Wer nichts tut, tut den Jenischen erneut Unrecht
Mit den beiden Standplätzen für Wohnwagen in Bern und Biel zeigen die beiden Städte Lösungswillen. Damit ist es aber freilich noch nicht getan.
Eigentlich ist seit dem 28. März 2003 alles klar. Damals diktierte das Bundesgericht unmissverständlich: Die Behörden aller staatlichen Ebenen sind verpflichtet, die Bedürfnisse der Fahrenden in ihrer Raumplanung zu berücksichtigen. Im Kanton Bern folgte aber ein Jahrzehnt der Versäumnisse. Der Kanton zählt heute nicht mehr, sondern weniger Standplätze für Fahrende als damals.

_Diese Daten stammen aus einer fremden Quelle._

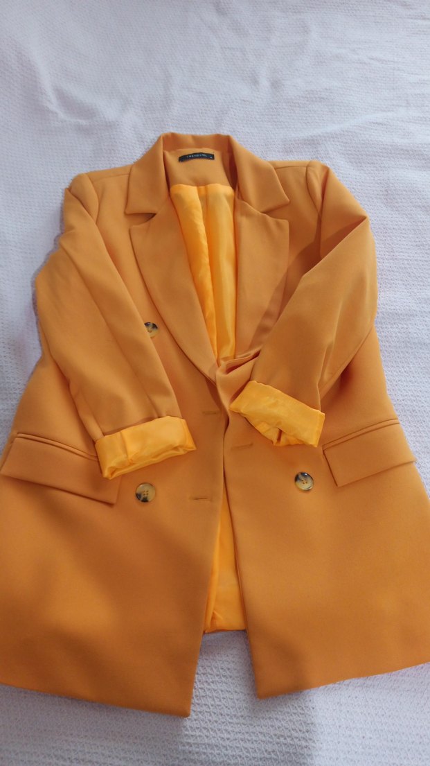 Turuncu renkli, düğmeli, notched lapel yakalı kadın blazer ceket. Uzun kollu, normal midi boyunda, parlak ve ipeksi kumaştan üretilmiştir. Ofis ve rahat sokak stiline uygundur. ✨

So gesehen ist es auf den ersten Blick recht bescheiden, wenn die vereinten politischen Entscheidungsträger jetzt als Reaktion auf das aufmüpfige Verhalten der Jenischen für die nächsten vier Monate zwei temporäre Plätze für insgesamt 50 Wohnwagen anbieten. Das löst das Problem nicht.
Auf den zweiten Blick sind die Offerten der Städte Bern und Biel aber ein starkes Signal. Mit ihren Übergangslösungen zeigen die beiden Städte, was in den meisten anderen Gemeinden fehlt: Lösungswille - und die Offenheit, die Jenischen als zur Schweiz gehörende Minderheit zu behandeln.
Das ist womöglich erst eine klimatische Veränderung - aber eine wichtige. Dank dem Entgegenkommen der beiden Städte endet der Protest der Jenischen für sie nicht im erneuten Gefühl von Ohnmacht.
Loskommen vom Geist der 1930er Jahre
Unter Druck gerät dadurch die Kantonsregierung. Sie sieht sich jetzt nicht nur mit den Forderungen der Fahrenden konfrontiert, sondern zusätzlich mit jenen der Städte Bern und Biel. Diese fordern jetzt rasch konkrete, greifbare Lösungen.
Der Druck ist gross, denn bei Lichte betrachtet ists für die Kantonsregierung die vielleicht letzte Chance, gerade noch rechtzeitig zu agieren. Schafft sie nach der Debatte der letzten Wochen den Aufbruch nicht, dann erweckt sie den Eindruck, sie sei nicht wirklich willens, sich vom Geiste der 1930-Jahre zu trennen, der seinerzeit zum Drama der Kinder der Landstrasse geführt hatte. Nichts zu tun für die wirkliche Anerkennung der Minderheit der Jenischen, heisst nämlich unweigerlich auch, das Unrecht zu verlängern, das den Jenischen in der Vergangenheit widerfahren ist.